Last week I found myself in the gorgeous surroundings of the Royal Dutch Academy of Sciences (KNAW) to talk about my views on the future of applied game design at an expert meeting organized by the Netherlands Study Centre for Technology Trends (STT). I was one of four speakers, the others being David Shaffer, Jeroen van Mastrigt (HKU) and Jeroen Elfferich (Ex Machina). The lectures focused on various domains: education, society and technology, respectively. My focus was design. Below you’ll find a selection of slides and my notes for the talk.1 If you’re dealing with foresight, design fiction, applied games, architecture or biology, I hope you’ll find it useful or at least thought-provoking.2
Hello, my name is Kars. I am the founder and principal designer at Hubbub, a studio that investigates ways of affecting society and culture using games in public space. Thank you Jacco for inviting me here. So I was asked to talk about design. These kinds of presentations often start with a definition of design. I wont’t do that. Instead I’ll start with an example:
This is Roy Neary (played by Richard Dreyfus) in the film Close Encounters of the Third Kind. You are all familiar with this film, I assume? What Roy does in the film, building this mound without knowing up front what it is or what it means: designers to this all the time. They engage in thinking through making.
These are images from the Lyddle End 2050 project, instigated by Russell Davies. He invited people all over the world to imagine the future by modifying model railway stuff. The idea is that making models is a kind of time travel. It’s also interesting to see how it’s kind of a collection of individual imaginings that gel because of the few small constraints. Russell calls this way of working ‘speculative modeling’.
Design
So anyway, design deals with the future all the time. It shares this with science fiction. Where the two overlap, people often talk about design fiction. This is when one uses the techniques of design to create believable potential futures or to suggest alternative presents. One person who is quite active in this field is the science fiction author turned design critic Bruce Sterling. In a recent article, he writes that we are experiencing “a massive cybernetic hemorrhage in ways of knowing the world”. We have so many ways of examining reality, that this has lead to a collapse of our value systems. Old ways of determining what is worthwhile have gone out the window.
He also describes how design and science fiction as a result have become unable to effectively imagine any future. This is the problem I find myself confronted with. But I’m not the only one. Famous sci-fi author and contemporary of Sterling, William Gibson, has stopped writing science fiction. The same goes for Kim Stanley Robinson, whose recent book is on Galileo Galilei. In an interview he says:
“If the world is a science fiction novel then what do you read? What can the literature do for you?” What indeed.
The way to deal with this, as Sterling writes in the aforementioned article, is to map the edges of what we currently find imaginable. To get a sense of the contours of that gap. And subsequently to plug it.
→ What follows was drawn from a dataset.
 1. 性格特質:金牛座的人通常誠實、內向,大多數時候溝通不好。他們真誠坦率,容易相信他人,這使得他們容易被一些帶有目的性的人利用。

The way to plug this hole is through action. Through pragmatism. I think that is the only viable stance. In this time, when we (or at least I) have been kind of totally gobsmacked by current events, “peak everything” as John Thackara likes to call it. The way to move ahead is by doing, by constant self-improvement, through ‘practice’ as German philosopher Peter Sloterdijk calls it. In fact, I think the “gaming mindset” that Jane McGonigal talks about is similar to this stance. So we as game designers might need to become more like our players. Fearlessly venturing into the unknown, thinking through action, constantly self-improving.
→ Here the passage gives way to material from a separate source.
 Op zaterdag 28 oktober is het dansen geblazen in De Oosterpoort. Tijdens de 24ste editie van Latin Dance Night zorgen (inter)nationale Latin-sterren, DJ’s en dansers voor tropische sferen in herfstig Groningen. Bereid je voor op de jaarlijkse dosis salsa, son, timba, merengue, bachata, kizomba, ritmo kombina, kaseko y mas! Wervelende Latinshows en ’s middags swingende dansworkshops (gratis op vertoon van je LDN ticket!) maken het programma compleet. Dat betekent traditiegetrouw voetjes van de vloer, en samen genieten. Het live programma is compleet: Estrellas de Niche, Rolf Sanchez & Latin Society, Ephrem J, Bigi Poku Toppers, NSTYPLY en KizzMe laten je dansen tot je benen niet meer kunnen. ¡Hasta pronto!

But anyway, back to the gap. What might the contours of that gap be? I would like to look at two areas where I feel like I am running up against true unknowns. One is the urbanist, dealing with the cities more and more of us humans find ourselves living in. The other is biological, dealing with the living, the myriad species we share this planet with, all the way down to the smallest ones, like bacteria. And the building blocks of life. At the end, I hope you’ll come to share my vision, which is that we need a new kind of game design, one that is much more relational and environmental, to deal with these unknowns.
Cities
So cities. Let’s start by agreeing that humans are becoming an urban species. More and more people find themselves living in cities. Over 50% of the globe’s population. We’ve kind of invented cities to augment our abilities, as these kind of engines of culture. Cities work (or used to work anyway) because it allowed all these different kinds of people, all with their own specialities, to live in close proximity to each other. They enable rapid exchange of ideas. They increase serendipity, which is this driving force behind invention. No wonder designers love busy urban centers.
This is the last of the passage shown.